REQUIREMENT: Everything in the listing below has to be repeated exactly, except the pictures.

INPUT DATA:
- - - - -
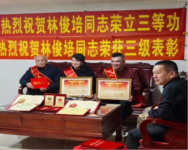 林俊培于2021年9月积极响应国家号召,参军入伍,现服役于泉州武警某支队。自入伍以来,他始终以“严于律己、奋勇争先”的信念扎根军营。他勤学苦练军事技能,锤炼出坚韧不拔的意志;立足本职岗位,主动承担急难险重任务,先后获评“优秀学兵”“抗台风先进个人”等称号。2024年12月,他因表现突出荣立个人三等功;仅隔一个月,又以过硬的综合素质和卓越的工作实绩,再获“军事训练先进个人”及三级表彰,实现了从“精兵”到“标兵”的跨越式成长。
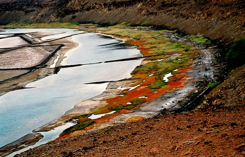 Taksist, ki je naju zapeljal na severni del otoka, do Pedra Lume, kjer se cesta konča, naju je samo začudeno gledal, ko sva ga vprašali za pristop do najvišjega vrha otoka Sal - Monte Grande. Verjetno sva se mu zdeli malo »utrgani«, kaj iščeva tu naokrog, kajti njemu, domačinu, je bila od tu dalje povsem nepoznana dežela. Res, lahko bi mirno poležavali ob bazenu, pili kavo in avtohtono žensko pijačo Ponč (podobna je naši medici) in se zabavali s hotelskimi animacijami.Do vulkanskega kraterja – solin - pelje solidna pot za terenska vozila. Na priobalnem delu odvažajo s kamioni kamenje, s katerim tlakujejo vse na novo grajene ceste. Kamenje, pesek in sol pa je edino, kar je dala narava tu v izobilju. Po petnajstih minutah hoje sva zagledali predor, ki vodi v notranjost kraterja. Menda je vse skupaj pred leti odkupil italijanski državljan. V beli solnici se zaenkrat še prosto in zastonj namakate, verjetno pa ne bo dolgo tako. Redkim turistom nudijo tudi blatne obloge in masaže.
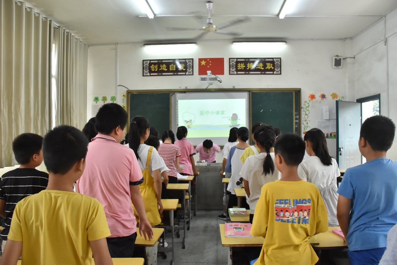 7月17日上午,我院“天使在人间”项目团队支教组为大塅镇中心小学二十二位学子开创了特色课程——医疗小课堂。课程内容精彩纷呈,不仅包含视力健康管理相关知识,还讲解了常见疾病的认识与预防等医疗知识。
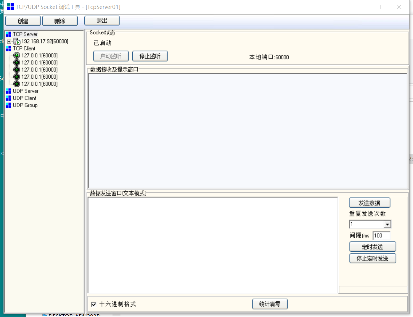 点击新建的UDP Server,取消下方的十六进制格式的复选框,这样就可以收发中文。如下图:
- - - - -
REPLY TO THE EXERCISE:
 林俊培于2021年9月积极响应国家号召,参军入伍,现服役于泉州武警某支队。自入伍以来,他始终以“严于律己、奋勇争先”的信念扎根军营。他勤学苦练军事技能,锤炼出坚韧不拔的意志;立足本职岗位,主动承担急难险重任务,先后获评“优秀学兵”“抗台风先进个人”等称号。2024年12月,他因表现突出荣立个人三等功;仅隔一个月,又以过硬的综合素质和卓越的工作实绩,再获“军事训练先进个人”及三级表彰,实现了从“精兵”到“标兵”的跨越式成长。
 Taksist, ki je naju zapeljal na severni del otoka, do Pedra Lume, kjer se cesta konča, naju je samo začudeno gledal, ko sva ga vprašali za pristop do najvišjega vrha otoka Sal - Monte Grande. Verjetno sva se mu zdeli malo »utrgani«, kaj iščeva tu naokrog, kajti njemu, domačinu, je bila od tu dalje povsem nepoznana dežela. Res, lahko bi mirno poležavali ob bazenu, pili kavo in avtohtono žensko pijačo Ponč (podobna je naši medici) in se zabavali s hotelskimi animacijami.Do vulkanskega kraterja – solin - pelje solidna pot za terenska vozila. Na priobalnem delu odvažajo s kamioni kamenje, s katerim tlakujejo vse na novo grajene ceste. Kamenje, pesek in sol pa je edino, kar je dala narava tu v izobilju. Po petnajstih minutah hoje sva zagledali predor, ki vodi v notranjost kraterja. Menda je vse skupaj pred leti odkupil italijanski državljan. V beli solnici se zaenkrat še prosto in zastonj namakate, verjetno pa ne bo dolgo tako. Redkim turistom nudijo tudi blatne obloge in masaže.
 7月17日上午,我院“天使在人间”项目团队支教组为大塅镇中心小学二十二位学子开创了特色课程——医疗小课堂。课程内容精彩纷呈,不仅包含视力健康管理相关知识,还讲解了常见疾病的认识与预防等医疗知识。
 点击新建的UDP Server,取消下方的十六进制格式的复选框,这样就可以收发中文。如下图:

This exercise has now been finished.